» **YOUR OBJECTIVE**
Please copy, word for word, the line holding "925 Sterling Silver" and each line that follows it through the end of the entries, omitting any pictures.

» **DATA RECORDS**
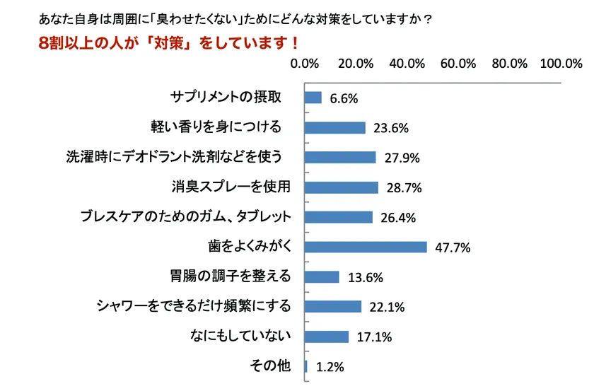 ●8割以上の人が、臭わせたくない努力を実行しています。
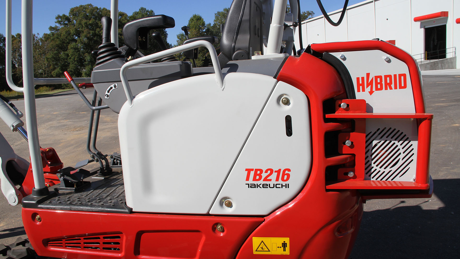 The compact size and dual power capabilities of the Takeuchi TB216H allows it to work in a wide range of applications that may have limited accessibility, noise and clean air requirements. It is ideal for plumbing, landscaping, utility installation, interior demolition, and rental applications. Performance is identical between the diesel engine and electric motor, and the controls are the same regardless of operating mode.
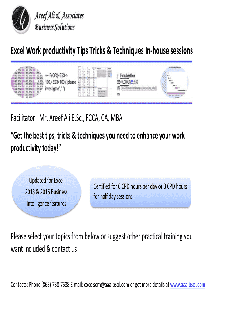 Excel Work productivity Tips Tricks & Techniques In house sessionsFacilitator: Mr. Reef Ali B.Sc., FCC, CA, MBA Get the best tips, tricks & techniques you need to enhance your work productivity today!
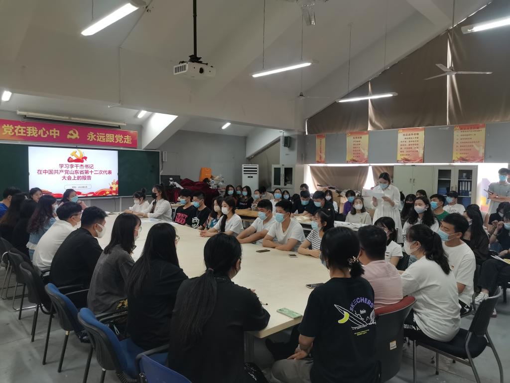 5月28日到6月1日,中国共产党山东省第十二次代表大会在山东会堂胜利召开。为了更好地学习领悟本次大会精神,引导青年大学生听党话、跟党走,数字艺术与传媒学院学生第一、第二党支部于2022年6月15日下午,在B446会议室,组织学生党支部全体党员,集中学习李干杰同志在山东省第十二次党代会上作的报告。
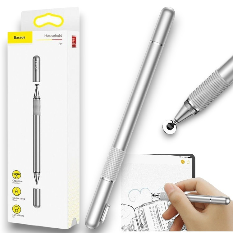 -43%Універсальний стилус Baseus Golden Cudgel ACPCL-0S 2в1 для iOS/Android/Windows з ручкою для письма (сріблястий)
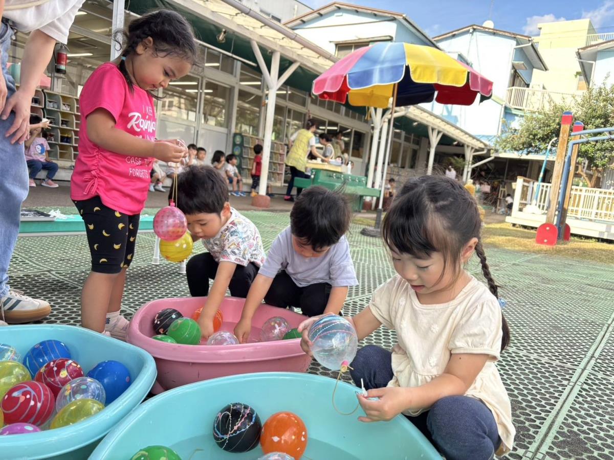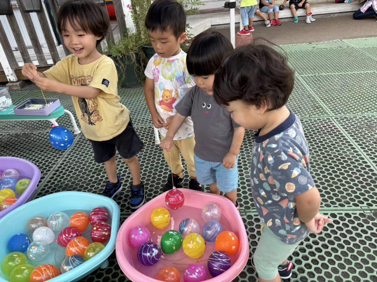 今日は午前中は制作やブロック、パズルで遊びました。午後は秋祭りに参加しました。朝からお祭りの話を聞いてワクワクが抑えられないあか組さん。「かき氷食べたーい!」「青いのがいい〜」などお話しする子の姿もありました。かき氷やポテトを食べて、ヨーヨーももらってとても楽しんでいました。 |
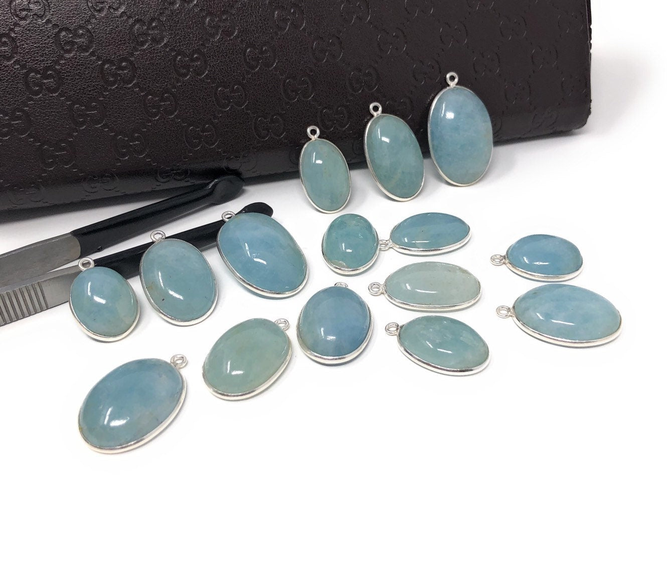 925 Sterling Silver Natural Gemstone Aquamarine Smooth Charms for Jewelry Making at Wholesale Price.
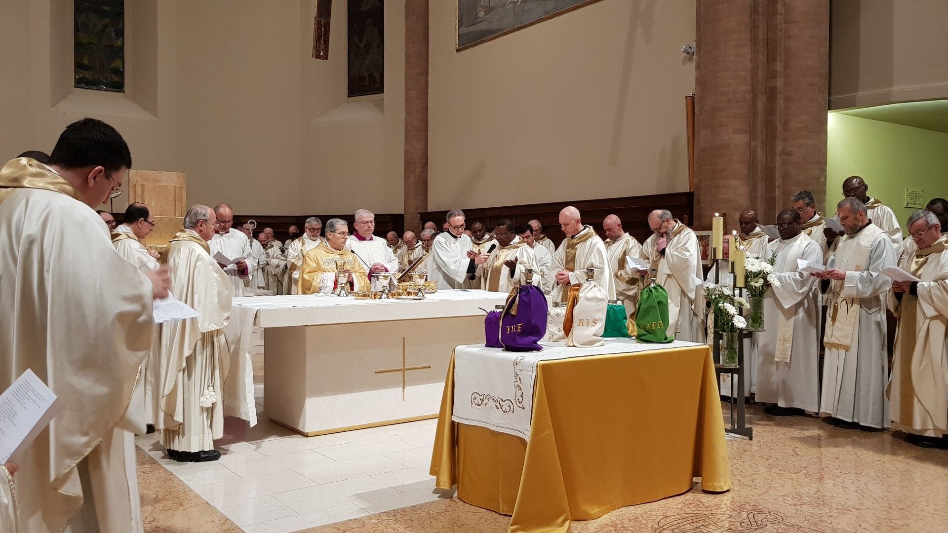 Il vescovo Douglas Regattieri ha presieduto la solenne concelebrazione eucaristica. All’altare con lui il vescovo di Lodi Maurizio Malvestiti, il vescovo emerito di Makeni (Sierra Leone) Giorgio Biguzzi, e gli abati di diverse comunità benedettine. Fra i presenti il sindaco Enzo Lattuca con fascia tricolore, diversi assessori e il tenente colonnello Sabato Simonetti, comandante della Compagnia dei Carabinieri di Cesena.
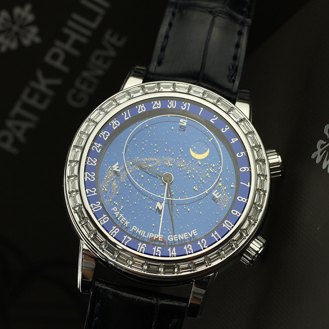 百达翡丽推出一款值得收藏的超级复杂功能计时系列6104G-001,不管你睡在哪里,愿你有一片属于自己的星星百达翡丽6104G显示日内瓦的星空。

» **RESULT BELOW**
 925 Sterling Silver Natural Gemstone Aquamarine Smooth Charms for Jewelry Making at Wholesale Price.
 Il vescovo Douglas Regattieri ha presieduto la solenne concelebrazione eucaristica. All’altare con lui il vescovo di Lodi Maurizio Malvestiti, il vescovo emerito di Makeni (Sierra Leone) Giorgio Biguzzi, e gli abati di diverse comunità benedettine. Fra i presenti il sindaco Enzo Lattuca con fascia tricolore, diversi assessori e il tenente colonnello Sabato Simonetti, comandante della Compagnia dei Carabinieri di Cesena.
 百达翡丽推出一款值得收藏的超级复杂功能计时系列6104G-001,不管你睡在哪里,愿你有一片属于自己的星星百达翡丽6104G显示日内瓦的星空。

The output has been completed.